Occasionally needs must and it’s nice to have a little mooch about, which is what we did today. Now, there are a few toys which have been at times, the absolute bane of my life, a sort of living hell embodied in plastic, there was the Hound of Hell and now the Ben 10 Omnitrix. Now I have a new adversary the ‘child friendly’ shop without a toilet. Lets face it, Britain in 2010 is not the most child- friendly sort of place, and generally it seems to be standard practice to put the children’s clothes upstairs. This means that you can use even more electricity and contribute even more to global warming by having to use the lift. The lift is usually an old goods lift which has a few promotional posters stuck over the peeling paint with yellowing sticky tape. There is always a fit person with two legs wearing running clothing and trainers waiting to get into the aforementioned lift in front of you. They expand to fill every single centimetre of space, so that you can’t fit in with your pushchair as well.

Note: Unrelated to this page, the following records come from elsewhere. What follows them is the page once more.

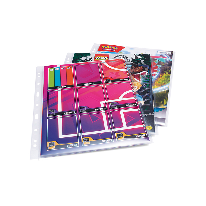 Además, las fundas de plástico de la zona de tarjetas y cromos ofrecen una solución de primera clase para guardar tableros de juego, listas de control y revistas con una calidad cristalina. Gracias a la perforación combinada de 8 cm, son ideales para utilizar con nuestros álbumes Pro (art. 369504, 368379, 369503).
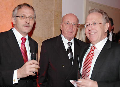 von 23: Gaben sich die Ehre zur Geburtstagsparty von AUTOHAUS-Herausgeber Prof. Hannes Brachat am 8. Januar 2009 in der Münchener Musikhochschule: Frau Rademacher, ZDK-Präsident Robert Rademacher, Knut Schüttemeyer mit Begleitung
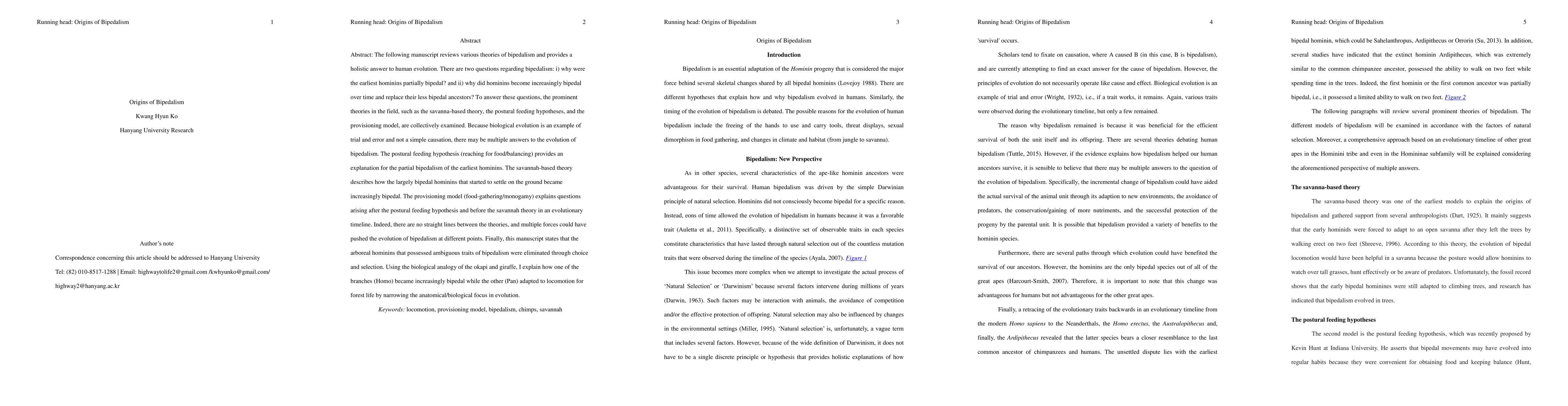 The following manuscript reviews various theories of bipedalism and provides a holistic answer to human evolution. There are two questions regarding bipedalism: i) why were the earliest hominins partially bipedal? and ii) why did hominins become increasingly bipedal over time and replace their less bipedal ancestors? To answer these questions, the prominent theories in the field, such as the savanna-based theory, the postural feeding hypotheses, and the provisioning model, are collectively examined. Because biological evolution is an example of trial and error and not a simple causation, there may be multiple answers to the evolution of bipedalism. The postural feeding hypothesis (reaching for food/balancing) provides an explanation for the partial bipedalism of the earliest hominins. The savannah-based theory describes how the largely bipedal hominins that started to settle on the ground became increasingly bipedal. The provisioning model (food-gathering/monogamy) explains questions arising after the postural feeding hypothesis and before the savannah theory in an evolutionary timeline. Indeed, there are no straight lines between the theories, and multiple forces could have pushed the evolution of bipedalism at different points. Finally, this manuscript states that the arboreal hominins that possessed ambiguous traits of bipedalism were eliminated through choice and selection. Using the biological analogy of the okapi and giraffe, I explain how one of the branches (Homo) became increasingly bipedal while the other (Pan) adapted to locomotion for forest life by narrowing the anatomical/biological focus in evolution.

Back to the point, a walk around the shops seems to bring on the wee in toddler boy and the motion of a lift brings it right to the point of explosion. Today he emerged from the lift in a large high street family friendly chemist hopping up and down with desire to wee. I asked the nearest shop assistant if there was any chance that he could use their loo. I explained the conundrum, that he was tiny, only just potty trained and was literally about to wet himself there and then. I was greeted with ‘sorry no’. I explained that he really was about to wet himself, he was visibly hopping and rocking. To no avail; ‘its more than my jobs worth…’ Arggggh! When did this happen? This total jobs worthy lack of common sense, empathy and customer service which seems to afflict most shop assistants. Anyhow, accidents remarkably didn’t happen, although I did try to get him to wee in the doorway (he refused and went for the alley way). I can see this lack of toilets in public spaces becoming a real pain in the proverbial arse.
With this is mind I am tempted to start another campaign, it shall be based on the novel but somehow reactionary idea of encouraging your toddler to wee in the doorway/ window of any large shop which sells children and baby products but does not provide an emergency toilet. There’s a lot of wee out there and a lot of shops which lack this fundamental resource. Anyone want to be campaign secretary?